MURFREESBORO, Tenn. (WKRN) – He’s the voice of the Good Neighbor Station in Murfreesboro, but when he’s not behind the microphone, Scott Walker is an advocate for an overlooked segment of Rutherford County.
Being a good neighbor is not just a station brand. It’s who Walker is to people who really need a friend.
“Local radio is interesting. It’s so focused on the community. It is about caring,” he told News 2.
But there’s more to the morning newsman than meets the eye. Walker likes to photograph people in their own settings.
It’s a hobby he picked up while serving in the U.S. Navy, and he has a special affection for the homeless community.
“They got a huge story, a huge past, that’s usually devastating and hard for average people to understand or believe it,” Walker explained.
One of his most memorable is Levi, a blind man who turned to alcohol and became homeless after one of his daughters died as an infant and the other was taken away.
“He never looked back into the death of his daughter, and he hadn’t been to her gravesite in six years or so. We found it, gave him time alone just to sit there. I think it helped,” Walker told News 2.

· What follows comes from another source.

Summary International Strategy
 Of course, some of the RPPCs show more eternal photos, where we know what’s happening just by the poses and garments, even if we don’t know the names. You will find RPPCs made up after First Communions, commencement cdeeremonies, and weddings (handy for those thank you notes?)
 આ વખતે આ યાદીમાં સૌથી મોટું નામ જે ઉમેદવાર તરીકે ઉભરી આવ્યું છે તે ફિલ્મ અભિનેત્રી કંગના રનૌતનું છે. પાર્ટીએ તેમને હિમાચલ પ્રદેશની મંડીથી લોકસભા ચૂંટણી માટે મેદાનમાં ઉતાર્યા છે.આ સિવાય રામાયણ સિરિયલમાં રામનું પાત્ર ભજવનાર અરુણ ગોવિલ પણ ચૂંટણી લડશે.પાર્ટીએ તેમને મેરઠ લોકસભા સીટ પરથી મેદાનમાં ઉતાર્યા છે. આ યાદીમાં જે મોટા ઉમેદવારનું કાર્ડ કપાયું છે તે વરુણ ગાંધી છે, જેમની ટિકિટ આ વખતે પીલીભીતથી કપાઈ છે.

He understood Levi’s pain because of his own secret that drove him to alcohol.
“When I was around 11 or 12 years old, I was sexually abused by a man in our neighborhood. Never told anyone about it. Never really knew what to do about it, so at 13, I started drinking,” he shared.
Walker continued drinking until he discovered the root cause of his addiction, and last year, more than 20 years later, he told police.

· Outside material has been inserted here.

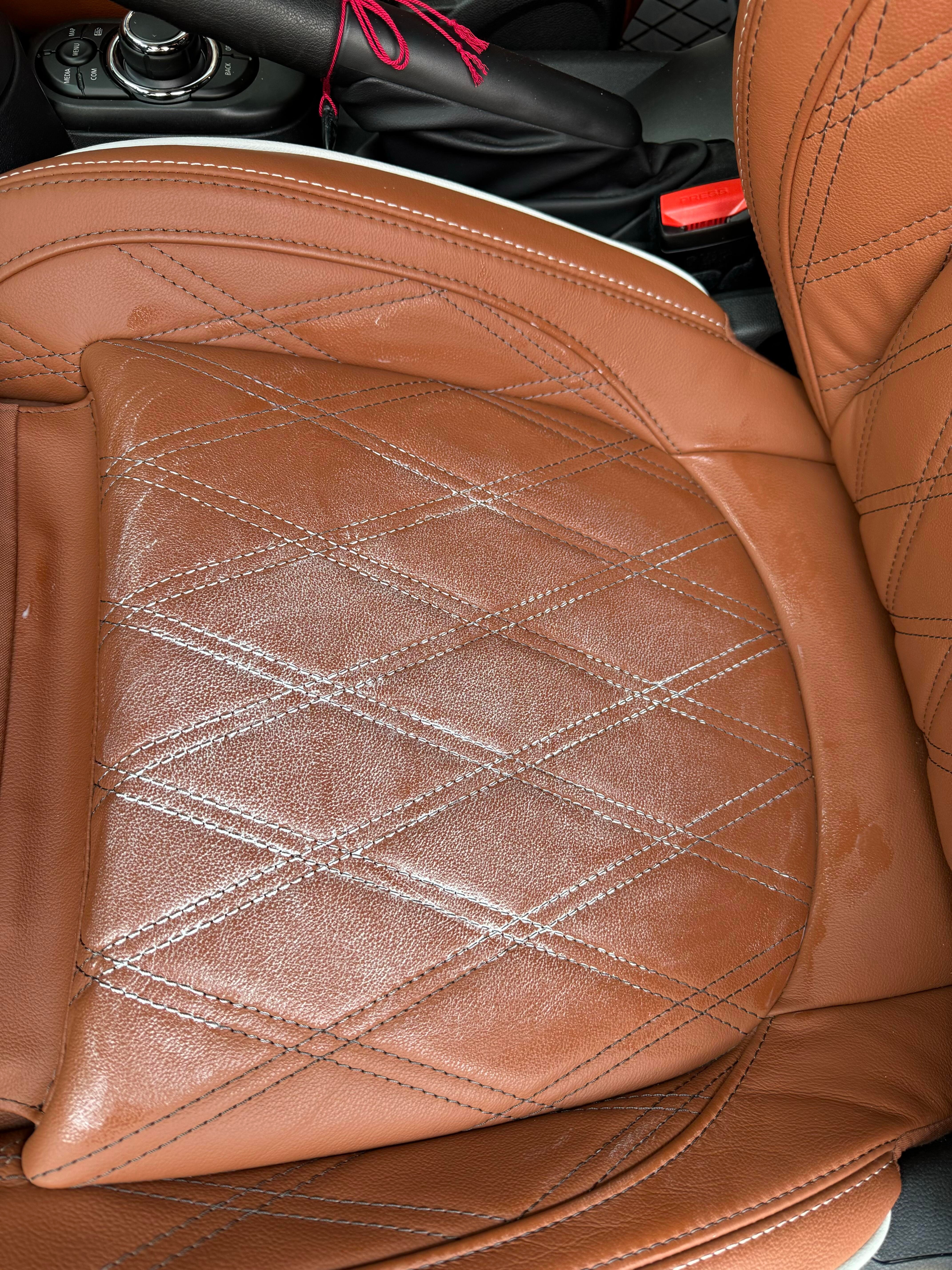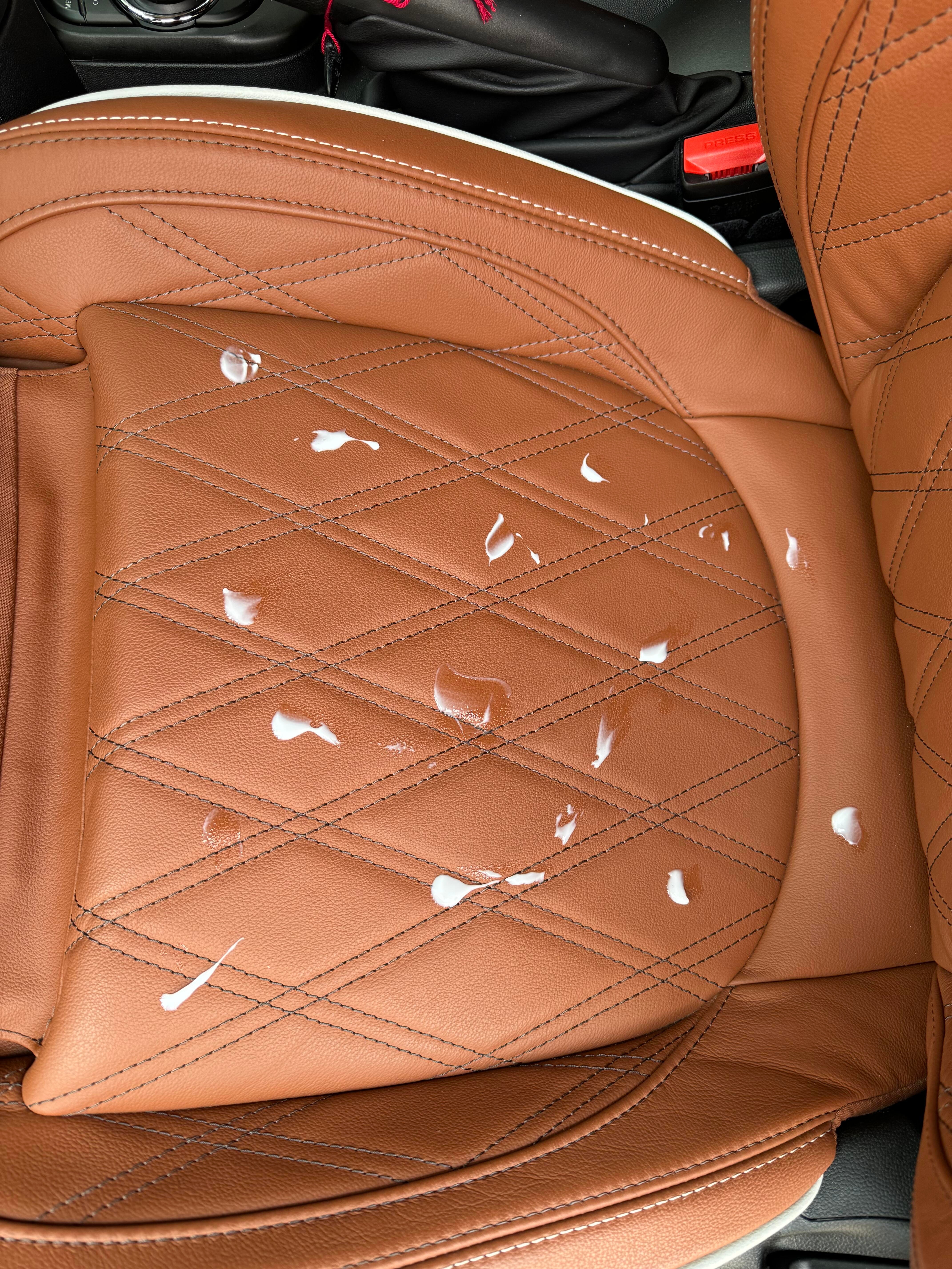 小车开了几年座椅皮子变的干涩,用大宝做了个保养,首图是刚涂完看着颜色深比较亮,过两天完全吸收后皮子正常的颜色质感就恢复了,图5是最终效果,干涩泛白感消失,不黏腻不假亮,手感非常舒服滑溜溜,我甚至感觉比提车时还好

“The guy came in for questioning and admitted to what he had done to me as a kid. We took the case to the DA and that’s when we learned the case couldn’t be prosecuted because the statute of limitations had been reached.”
But knowing the source of his alcoholism, Walker began to heal. Now, he’s reaching out to 29-year-old Sean, who lives at a campsite in the woods.

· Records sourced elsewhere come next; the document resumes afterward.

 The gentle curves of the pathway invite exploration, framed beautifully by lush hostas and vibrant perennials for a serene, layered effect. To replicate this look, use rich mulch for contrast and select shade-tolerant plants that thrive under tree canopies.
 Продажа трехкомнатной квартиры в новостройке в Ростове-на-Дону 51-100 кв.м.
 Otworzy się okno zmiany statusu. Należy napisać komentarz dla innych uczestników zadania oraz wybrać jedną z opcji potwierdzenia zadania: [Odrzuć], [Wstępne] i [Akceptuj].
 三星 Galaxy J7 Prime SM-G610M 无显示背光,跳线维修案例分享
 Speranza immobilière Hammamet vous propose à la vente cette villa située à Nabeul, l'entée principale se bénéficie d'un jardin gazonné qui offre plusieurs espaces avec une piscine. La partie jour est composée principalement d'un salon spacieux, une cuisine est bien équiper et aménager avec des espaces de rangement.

“I’ve been homeless since I was 18, on and off, and I’m 30 now, and it’s just because of mistakes and stuff I’ve made in my life,” Sean told News 2.
“So often the only thing somebody really needs in life is to have somebody sit down and listen to them. If you give a lending ear at times to somebody, that alone can change a life,” Walker said.
Walker partners with local resources to meet people’s immediate needs. Sometimes it’s as simple as a sleeping bag and food, or as costly as a plane ticket to a treatment facility.